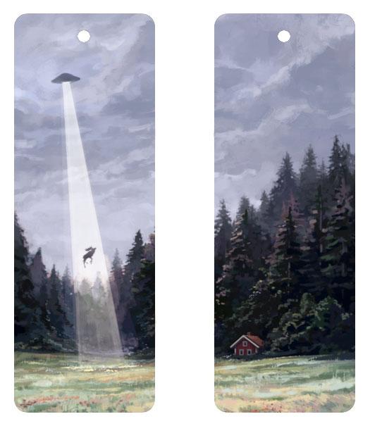 Snyggt bokmärke med röd stuga i granskog och älg som strålas upp av ett flygande tefat. Perfekt för att märka upp var i boken du ligger, oavsett genre!
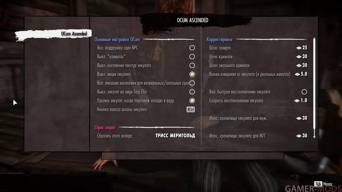 5. OCum Ascended теперь имеет собственное отдельное меню MCM с новыми и дополнительными параметрами. НЕ используйте параметры OCum MCM на вкладке дополнений OStim MCM. Они не будут работать! Настоятельно рекомендуется также использовать OCum Ascended — Cum and Orgasm Mechanics для OStim - загрузчик настроек от MaskedRPGFan.
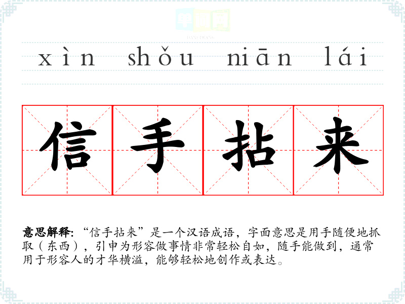 “信手拈来”是一个汉语成语,字面意思是用手随便地抓取(东西),引申为形容做事情非常轻松自如,随手能做到,通常用于形容人的才华横溢,能够轻松地创作或表达。
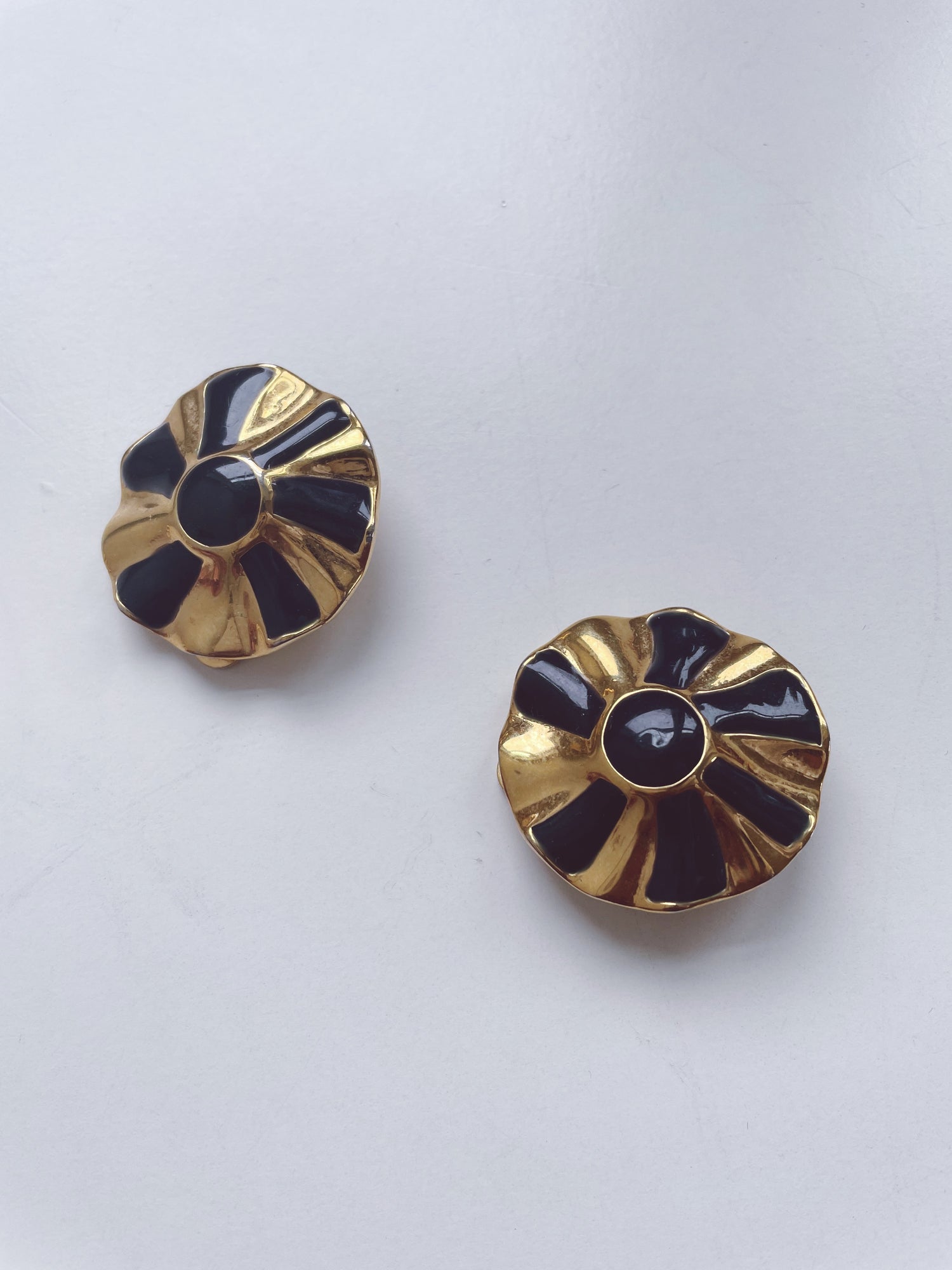 ESSEX Vintage Gold Tone Black Enamel Clip On Earrings

Problem
Print the data above exactly, minus pictures.

Reply to the task
 Snyggt bokmärke med röd stuga i granskog och älg som strålas upp av ett flygande tefat. Perfekt för att märka upp var i boken du ligger, oavsett genre!
 5. OCum Ascended теперь имеет собственное отдельное меню MCM с новыми и дополнительными параметрами. НЕ используйте параметры OCum MCM на вкладке дополнений OStim MCM. Они не будут работать! Настоятельно рекомендуется также использовать OCum Ascended — Cum and Orgasm Mechanics для OStim - загрузчик настроек от MaskedRPGFan.
 “信手拈来”是一个汉语成语,字面意思是用手随便地抓取(东西),引申为形容做事情非常轻松自如,随手能做到,通常用于形容人的才华横溢,能够轻松地创作或表达。
 ESSEX Vintage Gold Tone Black Enamel Clip On Earrings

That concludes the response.